[Assignment]
Set down every record below exactly as written, but leave out the pictures.

[[ Available data open ]]

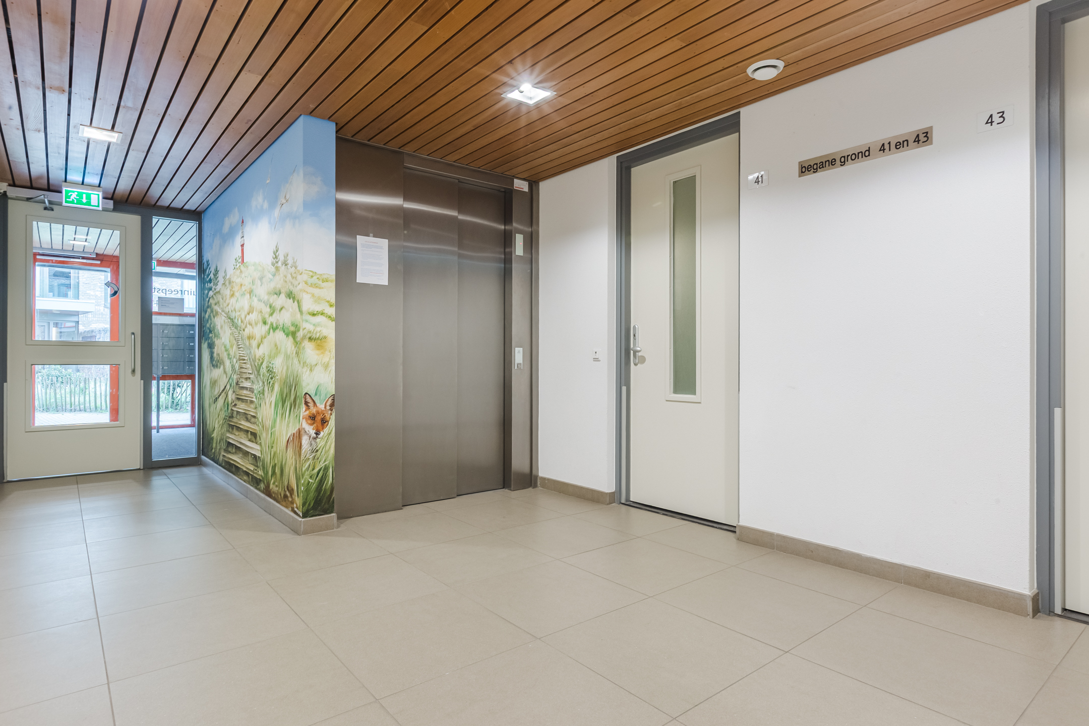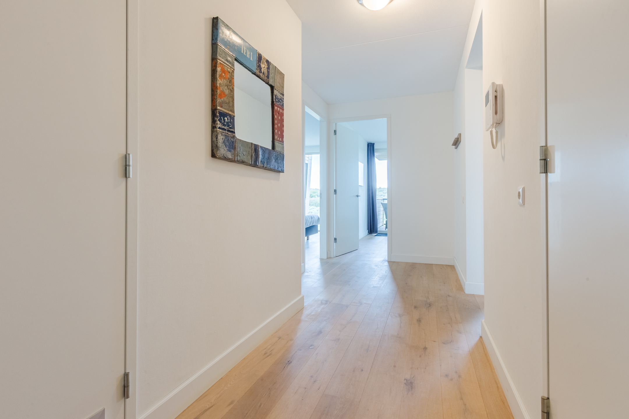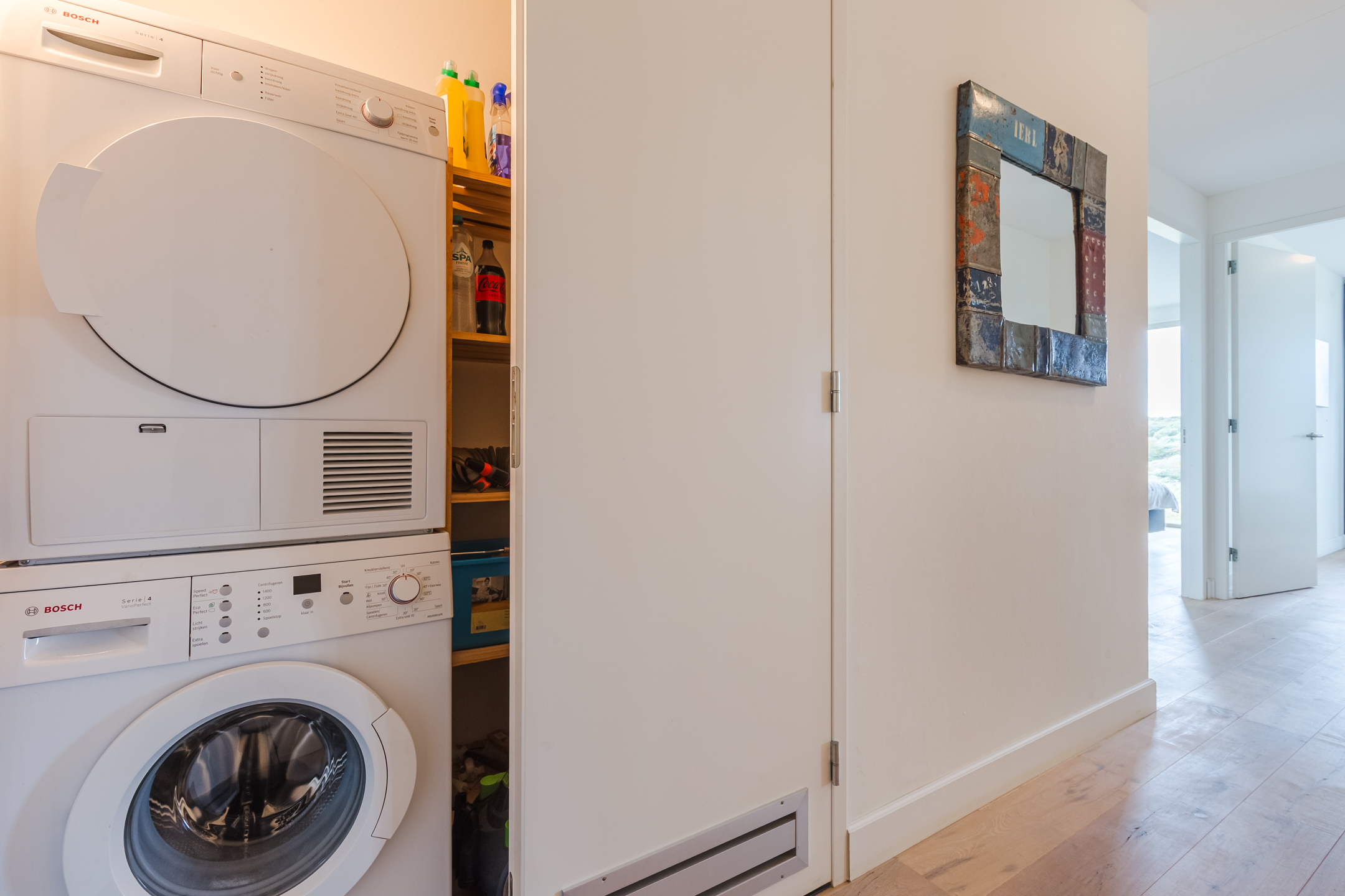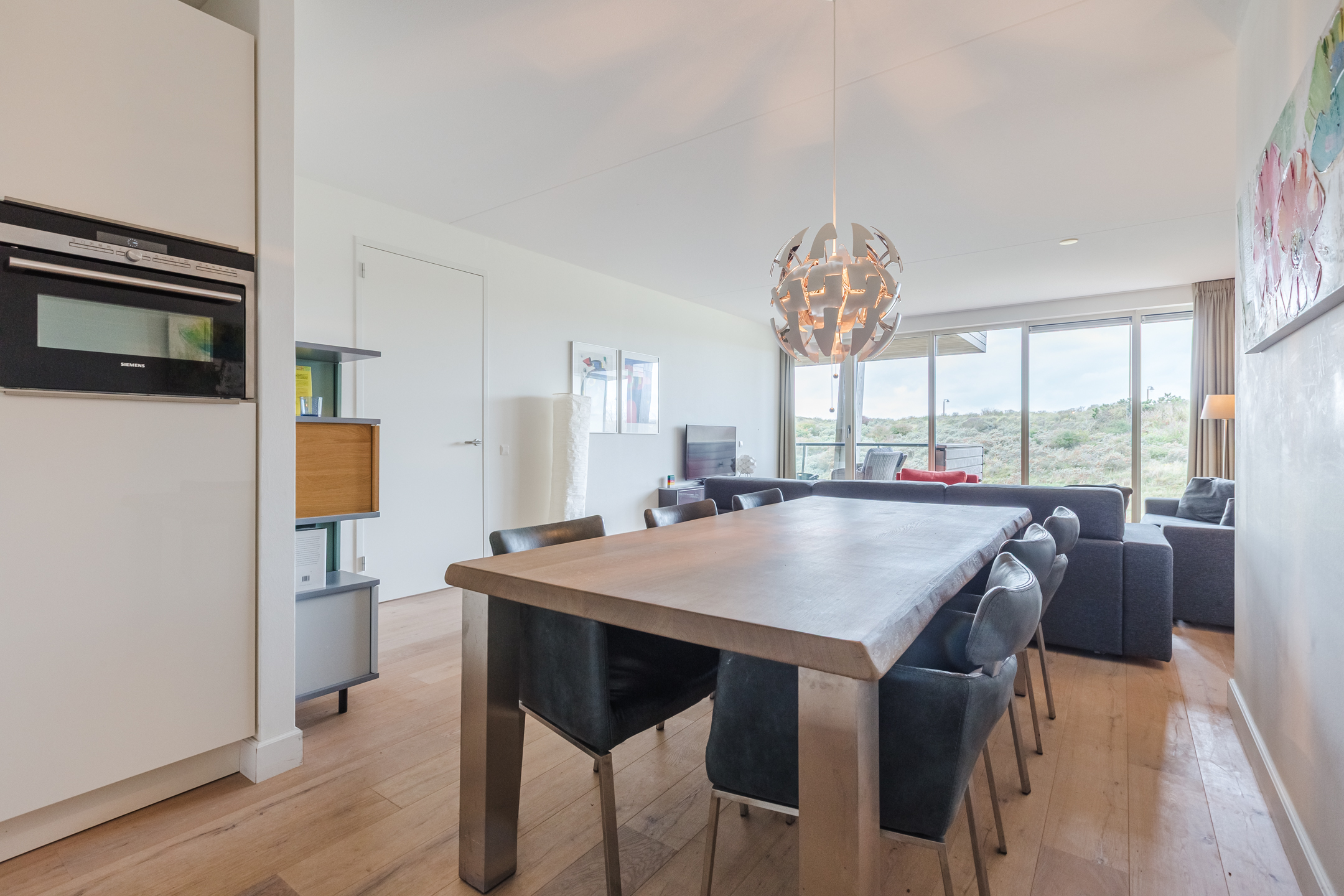 Via de afgesloten entree met bellentableau heeft u de mogelijkheid om via de lift of trap naar de eerste woonlaag te gaan. Een ruime hal biedt toegang tot alle vertrekken. De woonkamer, gelegen op het westen, heeft een grote raampartij die zorgt voor veel licht en een prachtig uitzicht over de duinen. De lichte open keuken in L-opstelling is voorzien van Siemens inbouwapparatuur. Verder beschikt het appartement over twee ruime slaapkamers, een badkamer met ligbad, dubbele wastafel, toilet en douche. In de hal bevindt zich een tweede toilet en een praktische bergruimte met plaats voor de wasmachine en droger. Het royale balkon, eveneens op het westen gelegen, is bereikbaar vanuit zowel de woonkamer als de slaapkamer, zodat u optimaal kunt genieten van de zon en het buitenleven.
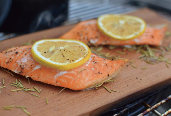 食材の下に水分を含ませた「シダーグリルプレート」を敷いて焼くだけで、簡単にスモークが完成します。
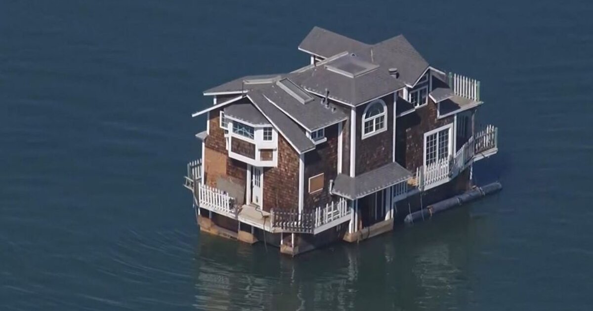 Το παράξενο θέαμα αφορούσε διώροφο πλωτό σπίτι που υπό κανονικές συνθήκες ήταν δεμένο στο Σαν Ματέο αλλά έλαβε ειδοποίηση ...έξωσης λόγω νομικών διαφορών με την Πολιτεία.
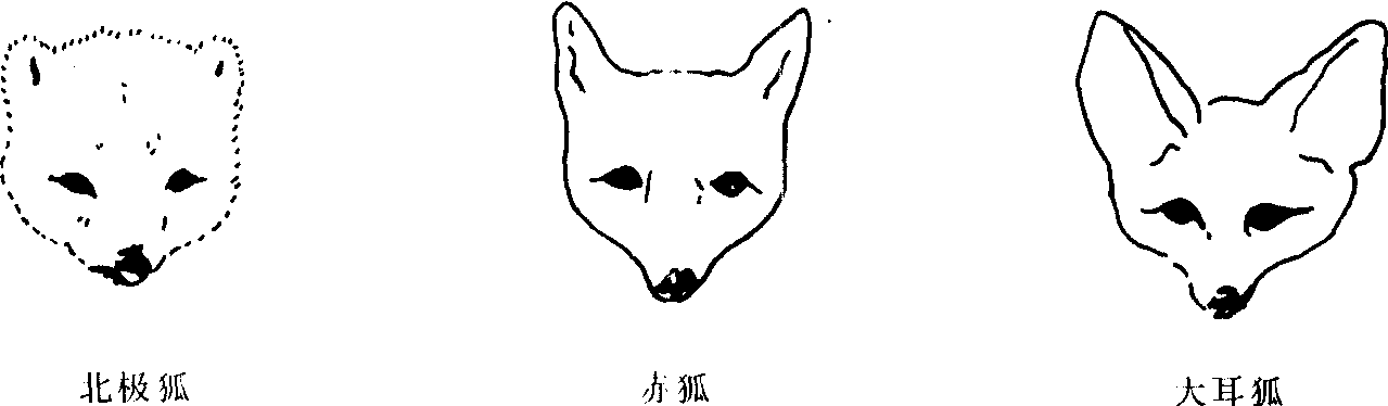 1.北极狐(Alopex lagopus) 2.赤狐(Vulpes vulpes) 3.大耳狐(Fennecus zerda)
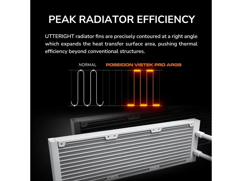 Peak Radiator Efficiency UTTERIGHT radiator fins are precisely contoured at a right angle which expands the heat transfer surface area, pushing thermal efficiency beyond conventional structures.
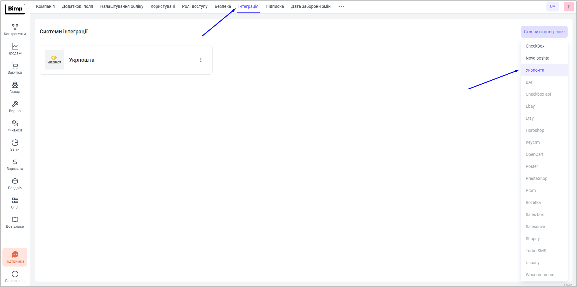 Як підключити інтеграцію з Укрпоштою, у сервісі Bimp?
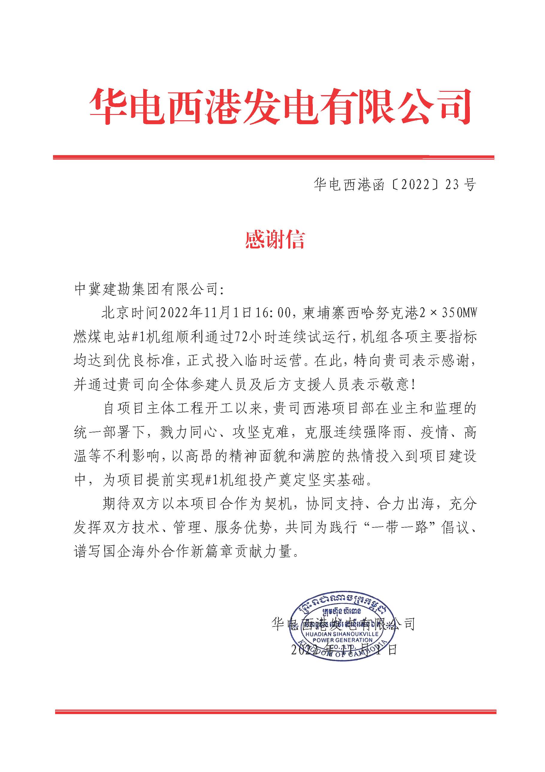 北京時(shí)間2022年11月1日16:00,由我公司承建的柬埔寨西哈努克港2×350MW燃煤電站#1機(jī)組順利通過柬埔寨國家電力公司要求的滿負(fù)荷性能試驗(yàn),標(biāo)志著中國華電在柬投資興建的最大火電項(xiàng)目首臺(tái)機(jī)組正式投產(chǎn)發(fā)電。該項(xiàng)目是中國華電在“一帶一路”沿線國家投資建設(shè)的重點(diǎn)工程,也是目前中國在柬單體投資最大電源項(xiàng)目。業(yè)主華電西港發(fā)電有限公司特向我公司表示感謝,并對(duì)我公司全體參建人員及后方支持人員表示敬意!
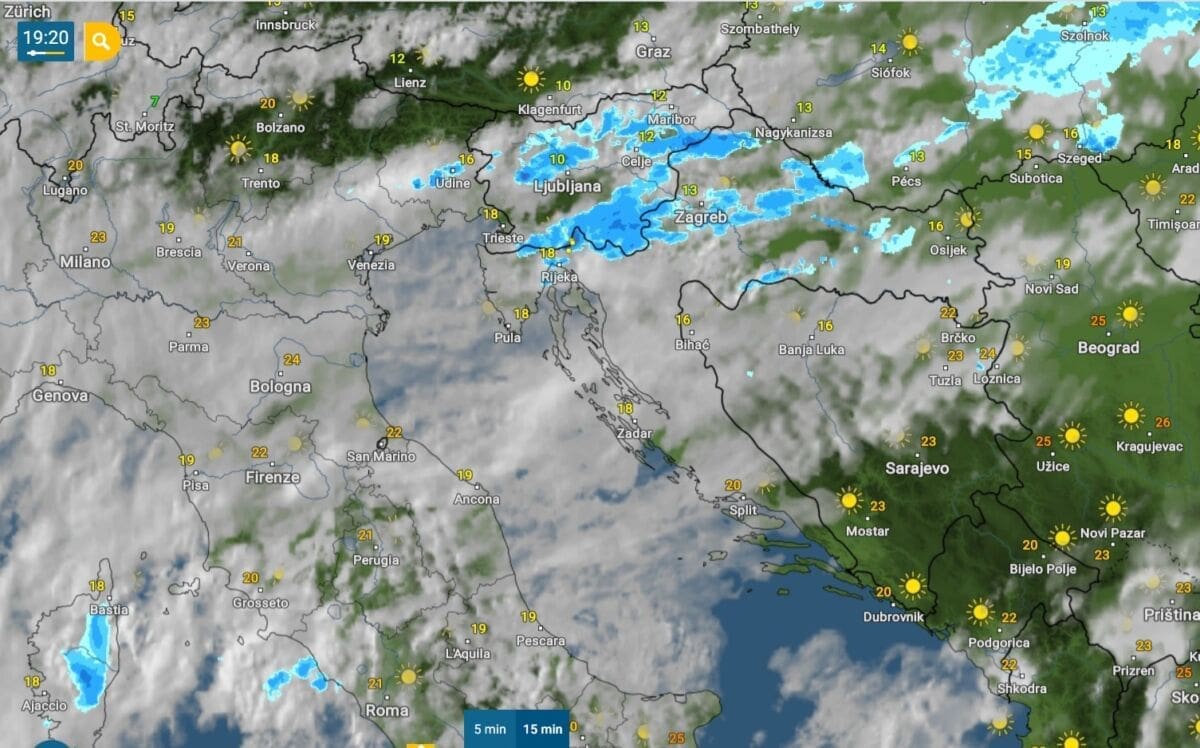 U sjeverozapadnom dijelu zemlje najviše kiše je palo u Zagorju, od 10 do 20 litara po kvadratnom metru. Ova promjena vremena prolazne oborine i osvježenje će donijeti i sjevernom Jadranu, no u većem dijelu Dalmacije zadržat će se suho. Tek vrlo malo kiše može pasti u sjevernoj Dalmaciji tijekom ponedjeljka, no na sjevernom Jadranu su moguće i veće količine oborina. Sutra će nam ponovno pojačati jugo.
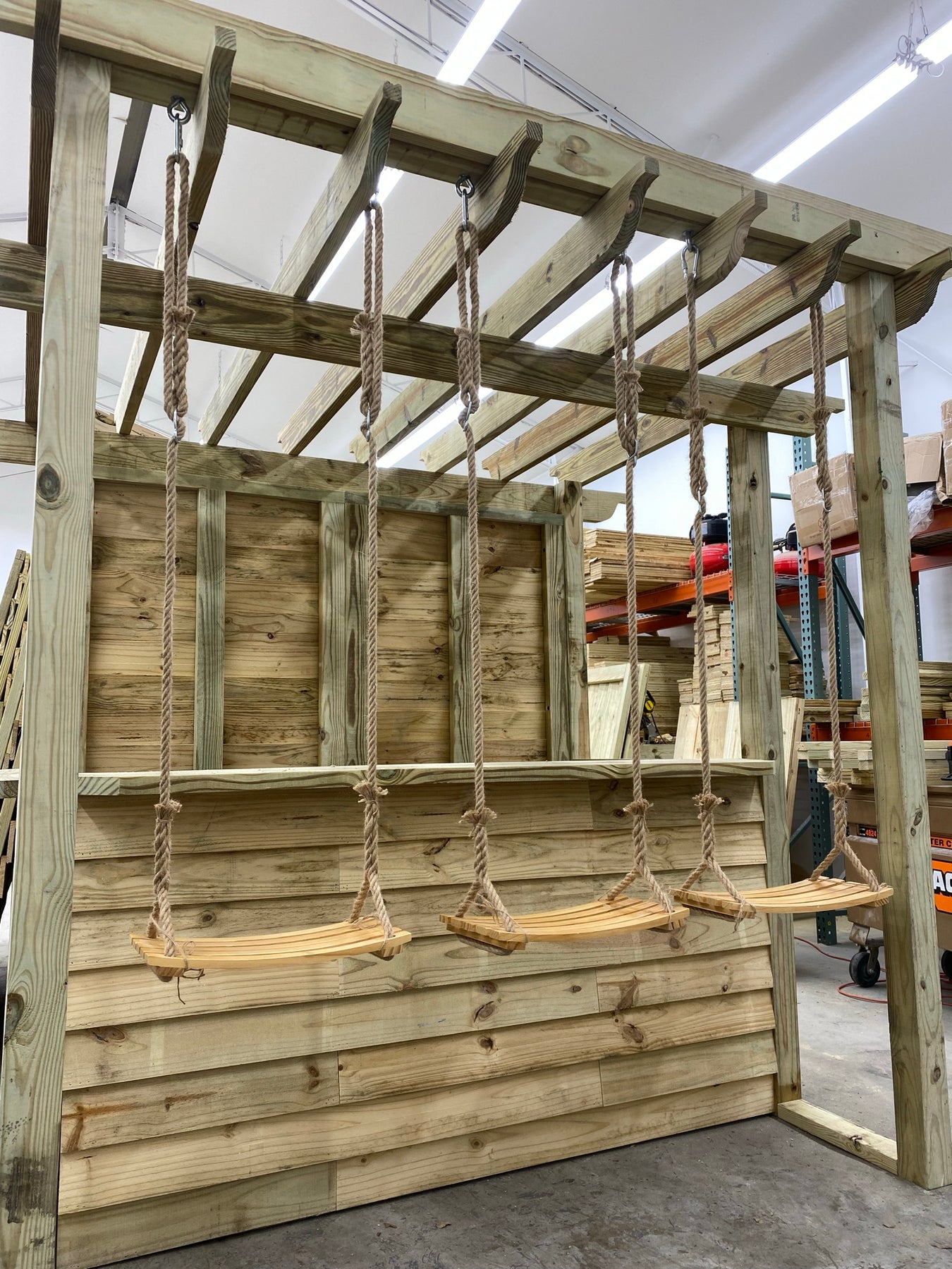 Each swing set is height adjustable and holds a weight of up to 250lbs.
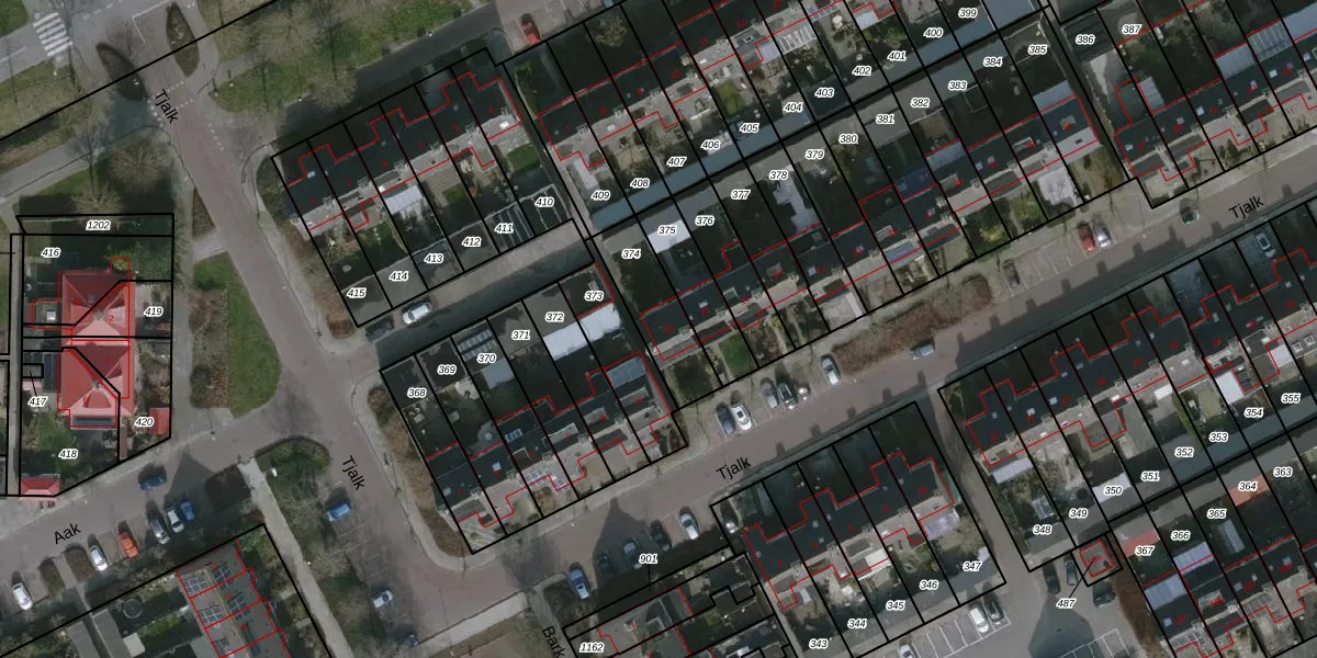 Gebruik de zoekbalk of klik op een perceel voor informatie over de adressen binnen dit perceel.
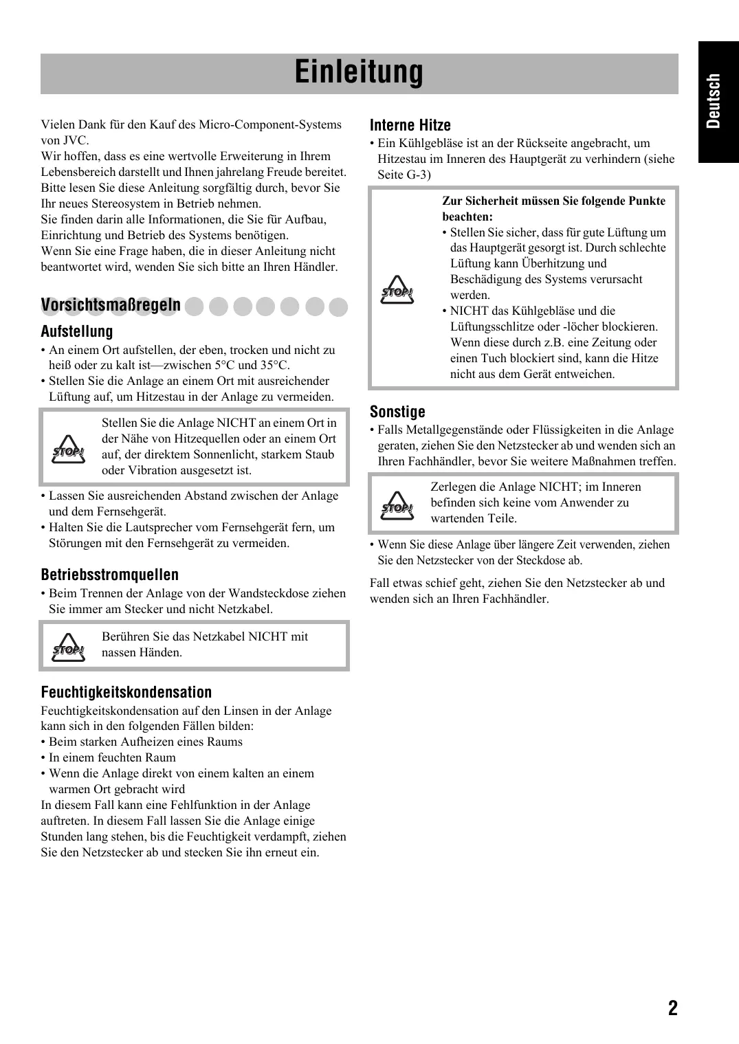 Vielen Dank für den Kauf des Micro-Component-Systems von JVC. Wir hoffen, dass es eine wertvolle Erweiterung in Ihrem Lebensbereich darstellt und Ihnen jahrelang Freude bereitet. Bitte lesen Sie diese Anleitung sorgfältig durch, bevor Sie Ihr neues Stereosystem in Betrieb nehmen. Sie finden darin alle Informationen, die Sie für Aufbau, Einrichtung und Betrieb des Systems benötigen. Wenn Sie eine Frage haben, die in dieser Anleitung nicht beantwortet wird, wenden Sie sich bitte an Ihren Händler.

[[ Available data closed ]]

[Your solution]
 Via de afgesloten entree met bellentableau heeft u de mogelijkheid om via de lift of trap naar de eerste woonlaag te gaan. Een ruime hal biedt toegang tot alle vertrekken. De woonkamer, gelegen op het westen, heeft een grote raampartij die zorgt voor veel licht en een prachtig uitzicht over de duinen. De lichte open keuken in L-opstelling is voorzien van Siemens inbouwapparatuur. Verder beschikt het appartement over twee ruime slaapkamers, een badkamer met ligbad, dubbele wastafel, toilet en douche. In de hal bevindt zich een tweede toilet en een praktische bergruimte met plaats voor de wasmachine en droger. Het royale balkon, eveneens op het westen gelegen, is bereikbaar vanuit zowel de woonkamer als de slaapkamer, zodat u optimaal kunt genieten van de zon en het buitenleven.
 食材の下に水分を含ませた「シダーグリルプレート」を敷いて焼くだけで、簡単にスモークが完成します。
 Το παράξενο θέαμα αφορούσε διώροφο πλωτό σπίτι που υπό κανονικές συνθήκες ήταν δεμένο στο Σαν Ματέο αλλά έλαβε ειδοποίηση ...έξωσης λόγω νομικών διαφορών με την Πολιτεία.
 1.北极狐(Alopex lagopus) 2.赤狐(Vulpes vulpes) 3.大耳狐(Fennecus zerda)
 Peak Radiator Efficiency UTTERIGHT radiator fins are precisely contoured at a right angle which expands the heat transfer surface area, pushing thermal efficiency beyond conventional structures.
 Як підключити інтеграцію з Укрпоштою, у сервісі Bimp?
 北京時(shí)間2022年11月1日16:00,由我公司承建的柬埔寨西哈努克港2×350MW燃煤電站#1機(jī)組順利通過柬埔寨國家電力公司要求的滿負(fù)荷性能試驗(yàn),標(biāo)志著中國華電在柬投資興建的最大火電項(xiàng)目首臺(tái)機(jī)組正式投產(chǎn)發(fā)電。該項(xiàng)目是中國華電在“一帶一路”沿線國家投資建設(shè)的重點(diǎn)工程,也是目前中國在柬單體投資最大電源項(xiàng)目。業(yè)主華電西港發(fā)電有限公司特向我公司表示感謝,并對(duì)我公司全體參建人員及后方支持人員表示敬意!
 U sjeverozapadnom dijelu zemlje najviše kiše je palo u Zagorju, od 10 do 20 litara po kvadratnom metru. Ova promjena vremena prolazne oborine i osvježenje će donijeti i sjevernom Jadranu, no u većem dijelu Dalmacije zadržat će se suho. Tek vrlo malo kiše može pasti u sjevernoj Dalmaciji tijekom ponedjeljka, no na sjevernom Jadranu su moguće i veće količine oborina. Sutra će nam ponovno pojačati jugo.
 Each swing set is height adjustable and holds a weight of up to 250lbs.
 Gebruik de zoekbalk of klik op een perceel voor informatie over de adressen binnen dit perceel.
 Vielen Dank für den Kauf des Micro-Component-Systems von JVC. Wir hoffen, dass es eine wertvolle Erweiterung in Ihrem Lebensbereich darstellt und Ihnen jahrelang Freude bereitet. Bitte lesen Sie diese Anleitung sorgfältig durch, bevor Sie Ihr neues Stereosystem in Betrieb nehmen. Sie finden darin alle Informationen, die Sie für Aufbau, Einrichtung und Betrieb des Systems benötigen. Wenn Sie eine Frage haben, die in dieser Anleitung nicht beantwortet wird, wenden Sie sich bitte an Ihren Händler.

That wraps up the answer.